According to BleepingComputer, Microsoft Defender for Endpoint can now automatically isolate hacked endpoints when it detects a high-confidence security incident. That’s right: no more waiting for some half-asleep admin to click a button while ransomware tap-dances across the network. Defender sees the shitstorm brewing and slams the door shut.
This shiny new trick is part of Microsoft’s “automatic attack disruption” voodoo. When Defender is damn sure a device is compromised, it cuts the thing off from the rest of your precious network faster than you can say “why the fuck is the domain controller encrypting itself?” The endpoint can still talk to Defender for cleanup, but everything else gets the digital middle finger.

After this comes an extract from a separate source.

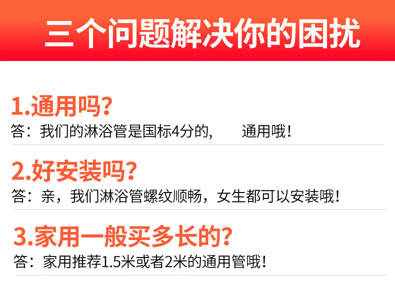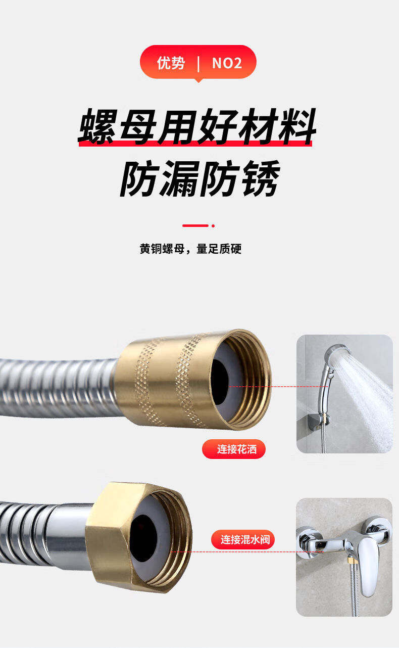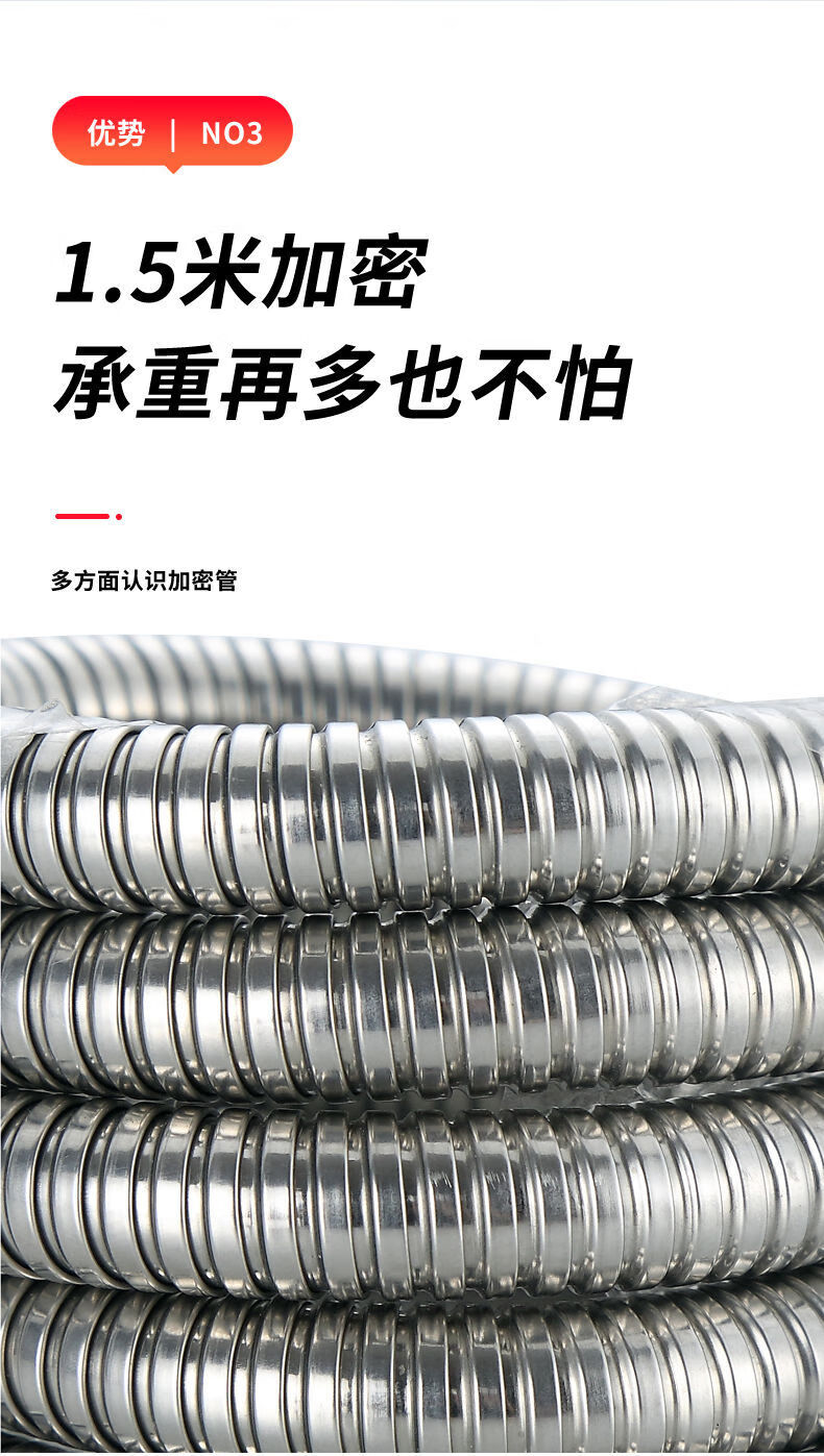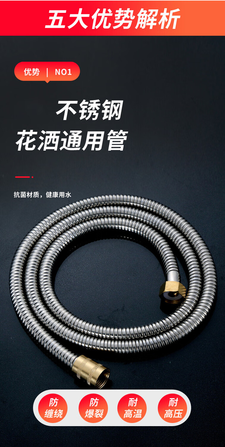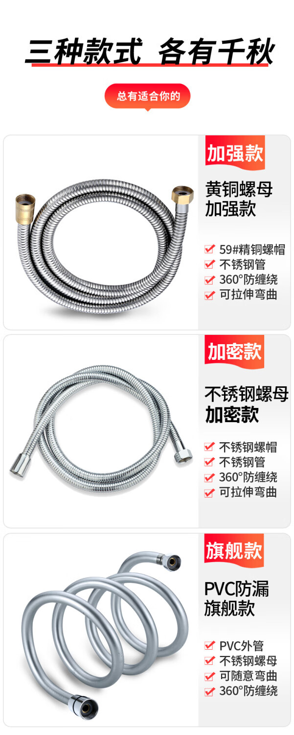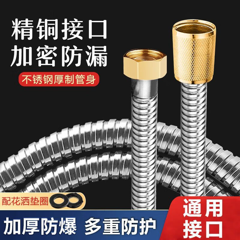 Qinkai brass interface stainless steel shower hose shower head hot water bathroom water inlet pipe 1/1.5/2/3 meters store manager brass head encryption reinforced pipe 1.5 meters
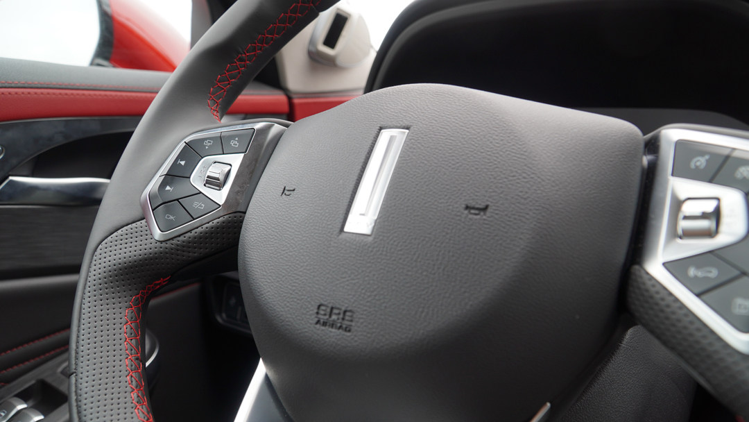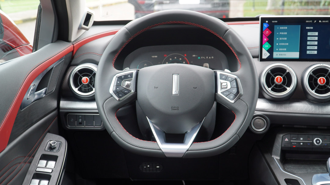 平底的方向盘运动化特征明显,而且方向盘上有较多的功能按键,按键面积较大,不容易出现误触的情况。但是有一点值得注意,WEY操作显示屏的多功能菜单逻辑需要改进,菜单翻页、上下调整以及确认按键如果能够重新编排或者使用拨杆来调节,相信会更加人性化些。

Admins still get some control (don’t panic, control freaks). You can exclude devices, scope who gets auto-isolated, and undo the isolation once the mess is cleaned up. It’s currently aimed at stopping hands-on-keyboard attacks, where some asshole attacker is actively rummaging through your systems like a drunk raccoon in a dumpster.
In short: Microsoft finally automated something security people have been screaming about for years. Less dwell time, less lateral movement, and fewer “how did this spread everywhere?” postmortems. About fucking time.
Read the original article here:
https://www.bleepingcomputer.com/news/microsoft/microsoft-defender-can-now-automatically-isolate-hacked-endpoints/
Sign-off:
This reminds me of the time I begged management to unplug an obviously compromised server, only to be told “let’s monitor it for a bit.” Ten minutes later, everything was on fire and suddenly it was my fault. If Defender had this back then, I’d have been in the pub instead of restoring backups at 3 a.m.